Try it =>
Retype the data exactly, from its first line to the line containing "7.3.1 Buy Wilson", including both, and skip any picture.

┌─ Entries shown

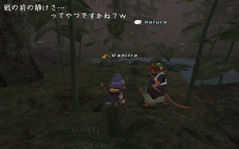 予想通り、タゲをヘキサで奪って、不意打ちしたり…だまし入れたりで、タゲをまわしていく素晴らしさでNMを倒したわけですが…今回は、おーくんが蝉まわせない!と言った相手に、うちが挑むのか…と思うと不安で不安で…でも、きっとだいじょぶ。もうハルとのコンビネーションにも絶対的な自信がある!!
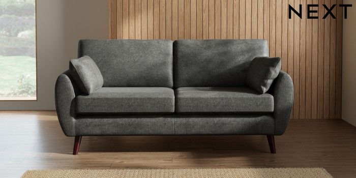 7.3.1 Buy Wilson 3 Seater Small Sofa Plush Chenille Dark Grey Retro Tapered - Dark Brown from the Seasons online shop Click here to use our website with more accessibility support, for example screen readers
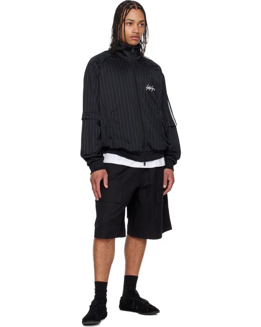 Recycled polyester jersey track jacket. · Pinstripes throughout · Stand collar · Two-way zip closure · Logo bonded at chest and cuff · Welt pockets at waist · Rib-knit hem and cuffs · Raglan sleeves · Signature stripes at sleeve · Detachable cuffs with press-stud fastening · Logo patch at back hem Supplier color: Black/Chalk Pearl
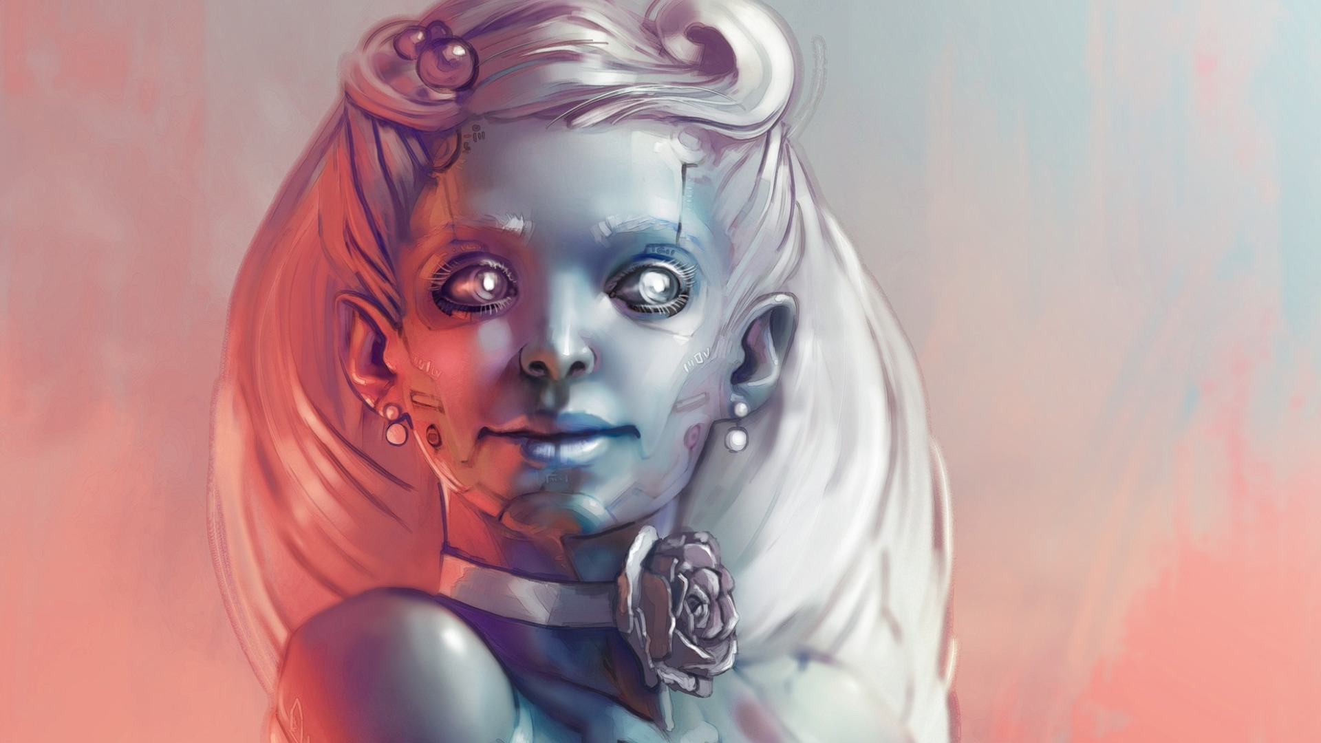 Back to Wallpaper look, girl, face, robot, roses, hairstyle
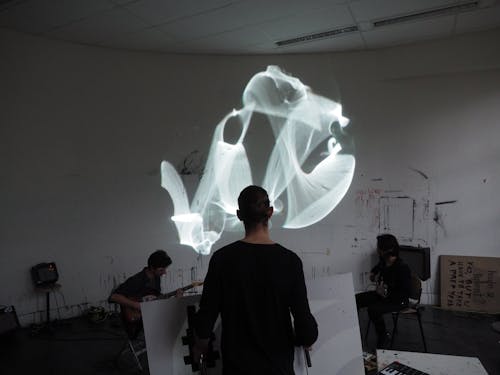 During their live performance the duo interacts with the performative visuals of Felix Bodin, using his self-designed visual instrument, consisting of projections reverberated through the performance space with the use of a malleable mirrored surface.
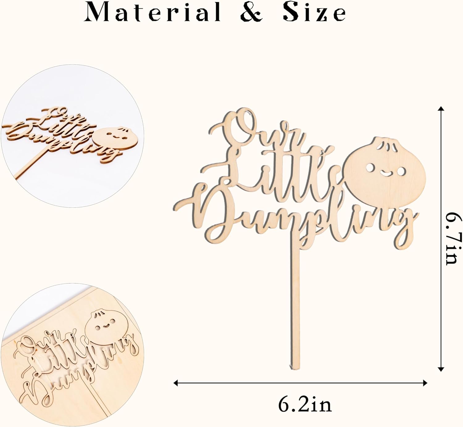 Little Dumpling Wood Cake Topper - Baby Shower Party Decor, Dumpling Themed Party Supplies
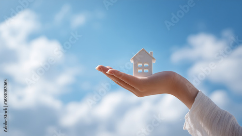 女性が家の模型を手にのせる
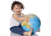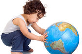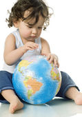 dziewczynka siedzi w pobliżu duży nadmuchiwany Globus i trzymając go, lo

└─

Answer area =>
 予想通り、タゲをヘキサで奪って、不意打ちしたり…だまし入れたりで、タゲをまわしていく素晴らしさでNMを倒したわけですが…今回は、おーくんが蝉まわせない!と言った相手に、うちが挑むのか…と思うと不安で不安で…でも、きっとだいじょぶ。もうハルとのコンビネーションにも絶対的な自信がある!!
 7.3.1 Buy Wilson 3 Seater Small Sofa Plush Chenille Dark Grey Retro Tapered - Dark Brown from the Seasons online shop Click here to use our website with more accessibility support, for example screen readers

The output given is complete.